Hi folks, We have our own MLFlow server on interna...
# questions
s
Hi folks, We have our own MLFlow server on internal S3. Below are the setting I used locally:
Copy code
os.environ["MLFLOW_TRACKING_URI"] = "<https://xxx.com/mlflow/>"
os.environ["MLFLOW_S3_ENDPOINT_URL"] = "<http://s3xxx.com>"
os.environ["S3_BUCKET_PATH"] = "<s3://xxx/mlflow>"
os.environ["AWS_ACCESS_KEY_ID"] = "xxx"
os.environ["AWS_SECRET_ACCESS_KEY"] = "xxx"
os.environ['MLFLOW_TRACKING_USERNAME'] = 'xxx'
os.environ['MLFLOW_TRACKING_PASSWORD'] = 'xxx'
os.environ["MLFLOW_TRACKING_SERVER_CERT_PATH"] = "C:\\xxx\\ca-bundle.crt"

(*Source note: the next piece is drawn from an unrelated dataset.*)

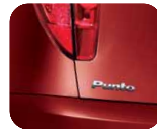
163 Červená Bolero

EXPERIMENT_NAME = "ZeMC012"
In order to use in Kedro framework, I create a mlflow.yml file in conf/local folder and the content like this:
Copy code
server: 
  mlflow_tracking_uri: <https://xxx.com/mlflow/>
  MLFLOW_S3_ENDPOINT_URL: <http://s3xxx.com>
  S3_BUCKET_PATH: <s3://xxx/mlflow>
  AWS_ACCESS_KEY_ID: xxx
  AWS_SECRET_ACCESS_KEY: xxx
  MLFLOW_TRACKING_USERNAME: xxx
  MLFLOW_TRACKING_PASSWORD: xxx
  MLFLOW_EXPERIMENT_NAME: ZeMC012
  MLFLOW_TRACKING_SERVER_CERT_PATH: C:/xxx/ca-bundle.crt
But I got error
ValidationError: 8 validation errors for KedroMlflowConfig
How should I modify it?
h
Someone will reply to you shortly. In the meantime, we've found some posts that could help answer your question.
d
Hi Shu-Chun, Have you tried using the Kedro-MLflow plugin? Here's the link for more details: Kedro-MLflow Setup. It helps generate a correct
mlflow.yml
file, and as I understand, there should be multiple sections included.
s
@Dmitry Sorokin After I used
kedro mlflow init
to generate mlflow.yml, I don't see the those parameters in the template:
Copy code
MLFLOW_S3_ENDPOINT_URL: <http://s3xxx.com>
S3_BUCKET_PATH: <s3://xxx/mlflow>
MLFLOW_TRACKING_USERNAME: xxx
MLFLOW_TRACKING_PASSWORD: xxx
MLFLOW_TRACKING_SERVER_CERT_PATH: C:/xxx/ca-bundle.crt
Where and how should I put those parameters? Since I still got error messages:
SSLError: [SSL: CERTIFICATE_VERIFY_FAILED] certificate verify failed: unable to get local issuer certificate (_ssl.c:1006)
Copy code
MaxRetryError: HTTPSConnectionPool(host='<http://xxx.com|xxx.com>', port=443): Max retries exceeded with url: 
/mlflow/api/2.0/mlflow/experiments/get-by-name?experiment_name=ZeMC012 (Caused by SSLError(SSLCertVerificationError(1, '[SSL: CERTIFICATE_VERIFY_FAILED]     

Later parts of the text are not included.